Assigned task: Leaving out every picture, copy the lines of the data exactly, from the first through the line containing "2014年12月14日,浙江".

------ Input data

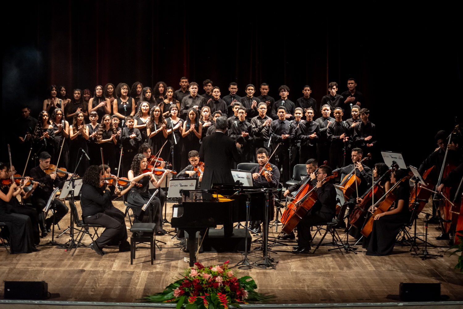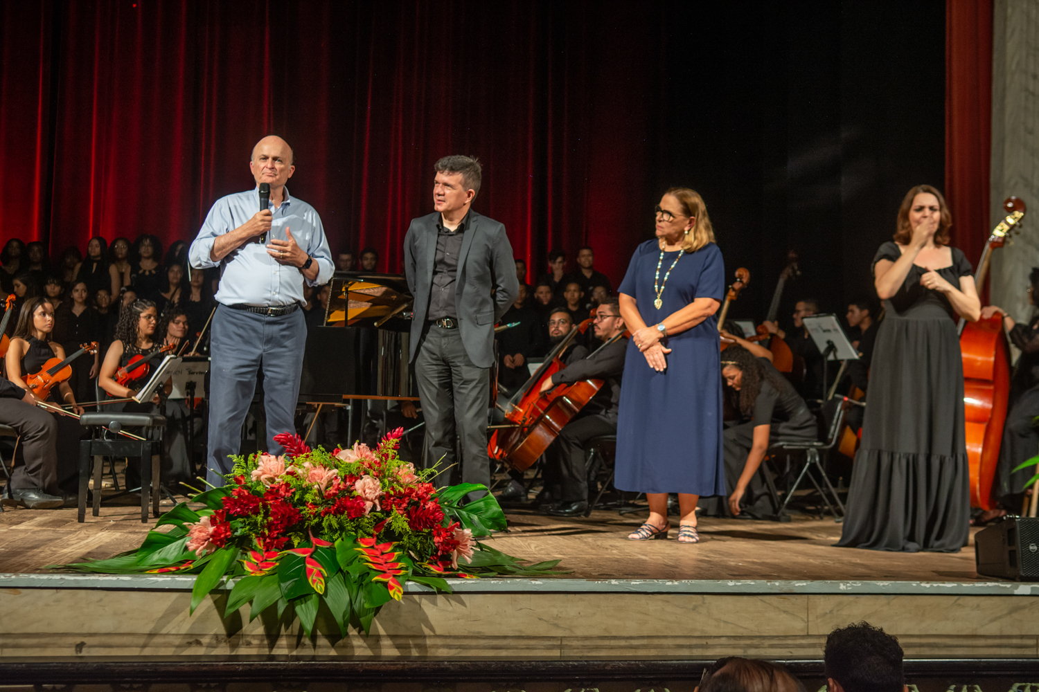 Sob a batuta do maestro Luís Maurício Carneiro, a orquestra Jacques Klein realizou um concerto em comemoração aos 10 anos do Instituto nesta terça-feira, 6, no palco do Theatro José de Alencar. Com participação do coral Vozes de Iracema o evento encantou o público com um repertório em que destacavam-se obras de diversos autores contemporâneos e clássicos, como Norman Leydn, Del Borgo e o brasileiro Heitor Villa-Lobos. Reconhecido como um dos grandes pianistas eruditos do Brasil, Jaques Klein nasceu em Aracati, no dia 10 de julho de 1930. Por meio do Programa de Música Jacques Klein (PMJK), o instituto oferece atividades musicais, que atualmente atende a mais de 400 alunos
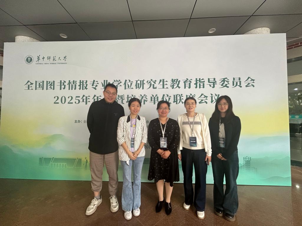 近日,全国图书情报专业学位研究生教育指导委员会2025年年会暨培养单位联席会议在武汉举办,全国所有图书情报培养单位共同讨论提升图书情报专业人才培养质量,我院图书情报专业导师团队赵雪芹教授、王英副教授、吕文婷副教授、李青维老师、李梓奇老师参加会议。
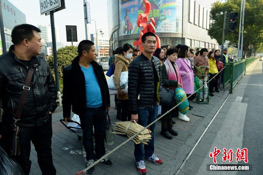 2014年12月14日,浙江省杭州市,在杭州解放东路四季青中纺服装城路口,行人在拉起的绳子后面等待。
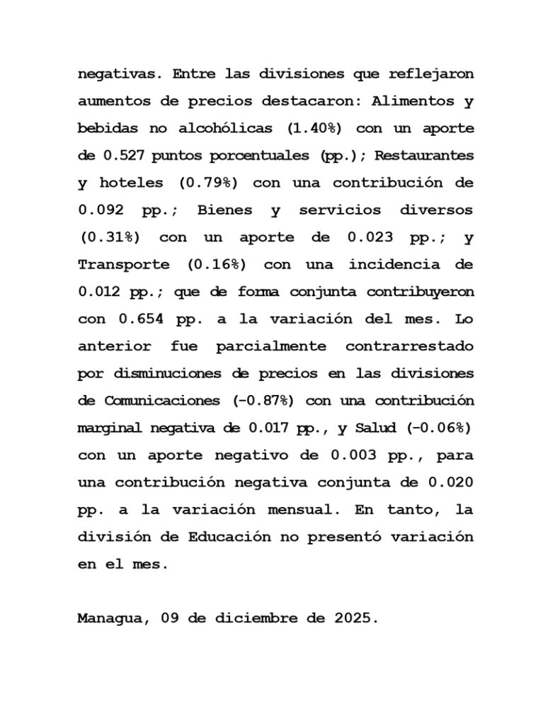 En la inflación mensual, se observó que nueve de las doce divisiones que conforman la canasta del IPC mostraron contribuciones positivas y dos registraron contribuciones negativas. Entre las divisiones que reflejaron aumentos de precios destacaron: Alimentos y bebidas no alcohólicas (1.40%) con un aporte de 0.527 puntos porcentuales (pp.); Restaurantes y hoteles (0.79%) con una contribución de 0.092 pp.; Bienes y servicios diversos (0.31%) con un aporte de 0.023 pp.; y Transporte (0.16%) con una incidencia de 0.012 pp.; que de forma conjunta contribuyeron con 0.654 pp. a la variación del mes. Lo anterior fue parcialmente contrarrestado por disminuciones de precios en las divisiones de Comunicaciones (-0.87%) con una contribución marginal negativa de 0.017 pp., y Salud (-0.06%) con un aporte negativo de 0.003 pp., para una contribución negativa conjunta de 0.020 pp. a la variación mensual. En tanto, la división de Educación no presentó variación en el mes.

------------

Worked solution:
 Sob a batuta do maestro Luís Maurício Carneiro, a orquestra Jacques Klein realizou um concerto em comemoração aos 10 anos do Instituto nesta terça-feira, 6, no palco do Theatro José de Alencar. Com participação do coral Vozes de Iracema o evento encantou o público com um repertório em que destacavam-se obras de diversos autores contemporâneos e clássicos, como Norman Leydn, Del Borgo e o brasileiro Heitor Villa-Lobos. Reconhecido como um dos grandes pianistas eruditos do Brasil, Jaques Klein nasceu em Aracati, no dia 10 de julho de 1930. Por meio do Programa de Música Jacques Klein (PMJK), o instituto oferece atividades musicais, que atualmente atende a mais de 400 alunos
 近日,全国图书情报专业学位研究生教育指导委员会2025年年会暨培养单位联席会议在武汉举办,全国所有图书情报培养单位共同讨论提升图书情报专业人才培养质量,我院图书情报专业导师团队赵雪芹教授、王英副教授、吕文婷副教授、李青维老师、李梓奇老师参加会议。
 2014年12月14日,浙江省杭州市,在杭州解放东路四季青中纺服装城路口,行人在拉起的绳子后面等待。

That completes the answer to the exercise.